Description of the task - Beginning with the line that contains "Mapas de Naachtun", reproduce the remaining lines of the material exactly, up to and including the last one, but no pictures.

Information provided -

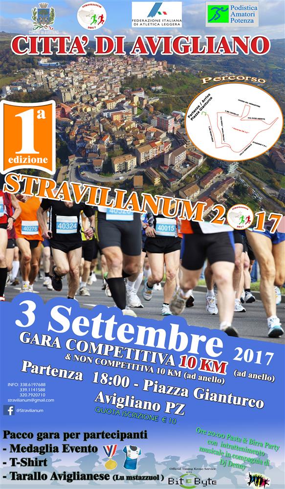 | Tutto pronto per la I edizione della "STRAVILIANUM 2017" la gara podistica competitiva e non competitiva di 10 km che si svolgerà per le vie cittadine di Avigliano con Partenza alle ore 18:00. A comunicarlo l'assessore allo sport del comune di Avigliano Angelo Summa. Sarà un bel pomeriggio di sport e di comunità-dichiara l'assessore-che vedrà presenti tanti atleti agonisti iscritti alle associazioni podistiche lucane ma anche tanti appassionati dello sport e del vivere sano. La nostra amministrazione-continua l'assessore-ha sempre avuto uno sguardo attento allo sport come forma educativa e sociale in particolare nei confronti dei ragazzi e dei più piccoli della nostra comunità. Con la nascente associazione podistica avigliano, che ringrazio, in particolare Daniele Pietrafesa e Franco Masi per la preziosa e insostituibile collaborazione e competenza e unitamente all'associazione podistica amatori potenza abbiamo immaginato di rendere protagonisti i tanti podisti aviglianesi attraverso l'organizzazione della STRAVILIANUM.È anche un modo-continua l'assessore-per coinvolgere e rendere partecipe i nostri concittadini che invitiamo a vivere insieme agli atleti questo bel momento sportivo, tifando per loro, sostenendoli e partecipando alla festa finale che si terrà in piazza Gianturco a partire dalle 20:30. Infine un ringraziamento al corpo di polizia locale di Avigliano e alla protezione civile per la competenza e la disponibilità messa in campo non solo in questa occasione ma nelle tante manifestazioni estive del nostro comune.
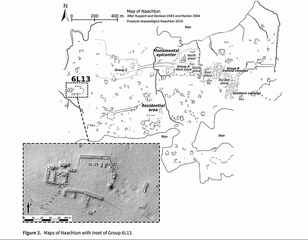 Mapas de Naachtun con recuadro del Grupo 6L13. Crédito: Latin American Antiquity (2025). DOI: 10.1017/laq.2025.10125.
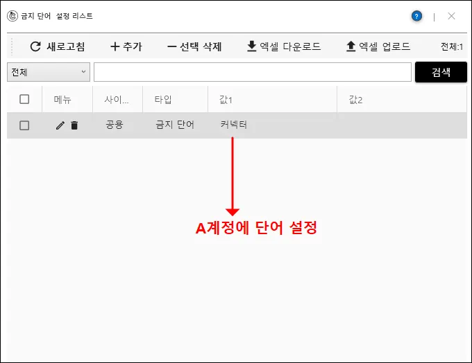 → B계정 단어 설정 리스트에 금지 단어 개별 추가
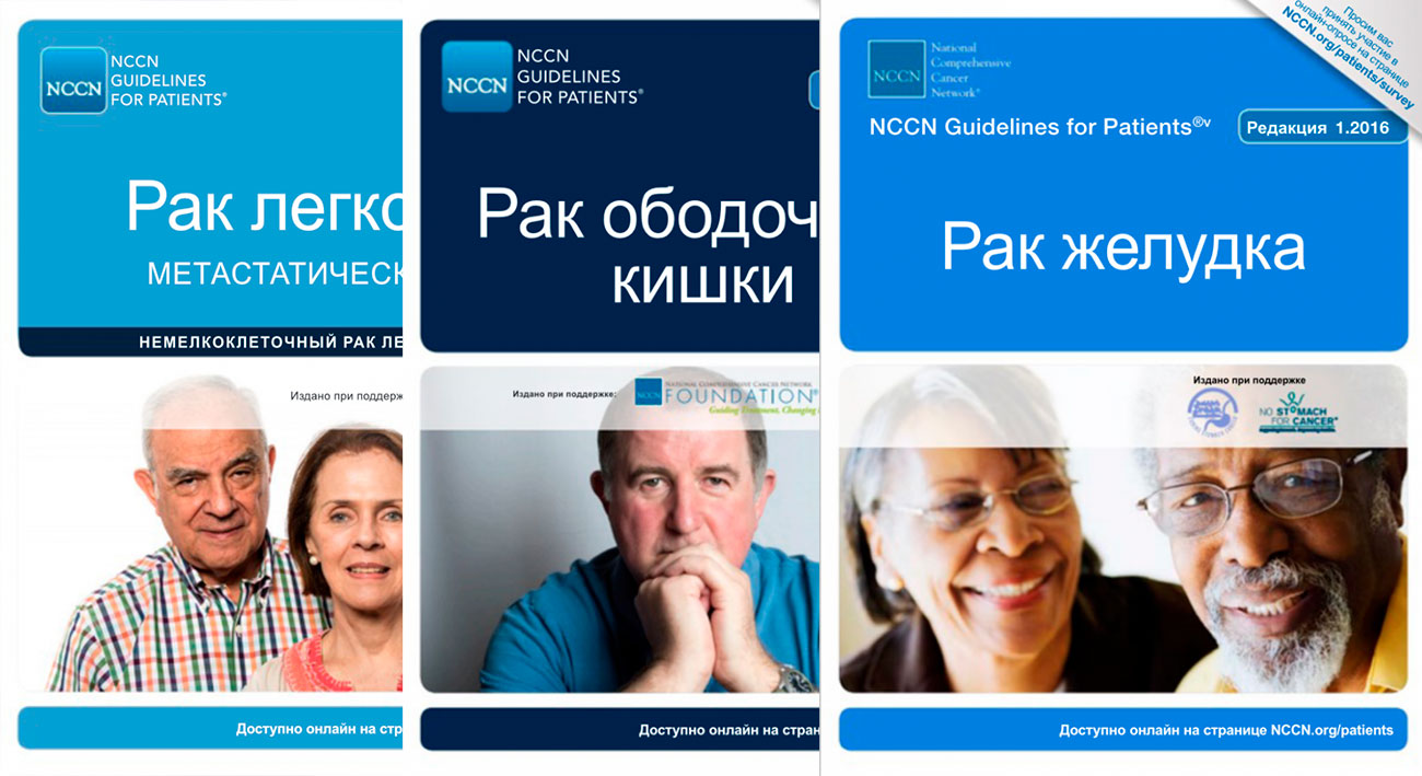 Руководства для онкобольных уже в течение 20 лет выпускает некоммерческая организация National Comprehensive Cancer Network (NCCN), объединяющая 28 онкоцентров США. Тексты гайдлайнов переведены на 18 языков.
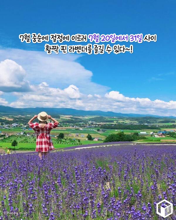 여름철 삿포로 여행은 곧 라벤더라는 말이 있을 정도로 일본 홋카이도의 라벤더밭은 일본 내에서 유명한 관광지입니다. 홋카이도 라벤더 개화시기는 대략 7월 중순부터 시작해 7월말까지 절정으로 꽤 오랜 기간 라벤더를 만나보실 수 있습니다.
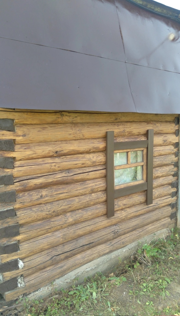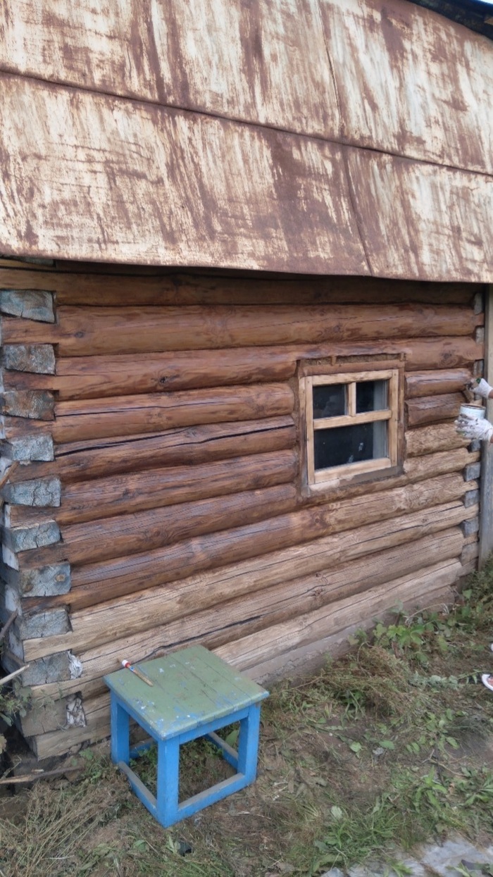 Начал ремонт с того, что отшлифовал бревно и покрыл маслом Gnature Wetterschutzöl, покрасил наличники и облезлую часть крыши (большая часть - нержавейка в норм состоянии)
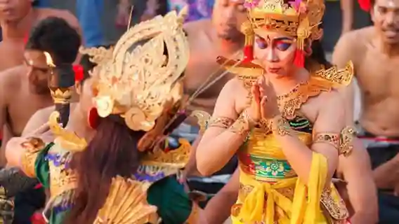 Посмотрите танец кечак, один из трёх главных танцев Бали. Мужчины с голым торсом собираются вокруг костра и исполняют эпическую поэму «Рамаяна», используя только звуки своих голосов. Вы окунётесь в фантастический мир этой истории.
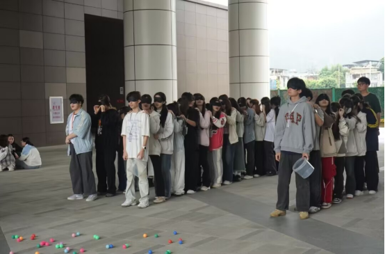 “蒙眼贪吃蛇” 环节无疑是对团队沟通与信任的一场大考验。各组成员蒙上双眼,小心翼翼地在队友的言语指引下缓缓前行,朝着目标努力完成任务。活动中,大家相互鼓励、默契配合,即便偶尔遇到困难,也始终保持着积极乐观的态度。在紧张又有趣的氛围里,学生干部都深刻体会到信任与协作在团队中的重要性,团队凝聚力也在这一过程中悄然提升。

Answer -
 Mapas de Naachtun con recuadro del Grupo 6L13. Crédito: Latin American Antiquity (2025). DOI: 10.1017/laq.2025.10125.
 → B계정 단어 설정 리스트에 금지 단어 개별 추가
 Руководства для онкобольных уже в течение 20 лет выпускает некоммерческая организация National Comprehensive Cancer Network (NCCN), объединяющая 28 онкоцентров США. Тексты гайдлайнов переведены на 18 языков.
 여름철 삿포로 여행은 곧 라벤더라는 말이 있을 정도로 일본 홋카이도의 라벤더밭은 일본 내에서 유명한 관광지입니다. 홋카이도 라벤더 개화시기는 대략 7월 중순부터 시작해 7월말까지 절정으로 꽤 오랜 기간 라벤더를 만나보실 수 있습니다.
 Начал ремонт с того, что отшлифовал бревно и покрыл маслом Gnature Wetterschutzöl, покрасил наличники и облезлую часть крыши (большая часть - нержавейка в норм состоянии)
 Посмотрите танец кечак, один из трёх главных танцев Бали. Мужчины с голым торсом собираются вокруг костра и исполняют эпическую поэму «Рамаяна», используя только звуки своих голосов. Вы окунётесь в фантастический мир этой истории.
 “蒙眼贪吃蛇” 环节无疑是对团队沟通与信任的一场大考验。各组成员蒙上双眼,小心翼翼地在队友的言语指引下缓缓前行,朝着目标努力完成任务。活动中,大家相互鼓励、默契配合,即便偶尔遇到困难,也始终保持着积极乐观的态度。在紧张又有趣的氛围里,学生干部都深刻体会到信任与协作在团队中的重要性,团队凝聚力也在这一过程中悄然提升。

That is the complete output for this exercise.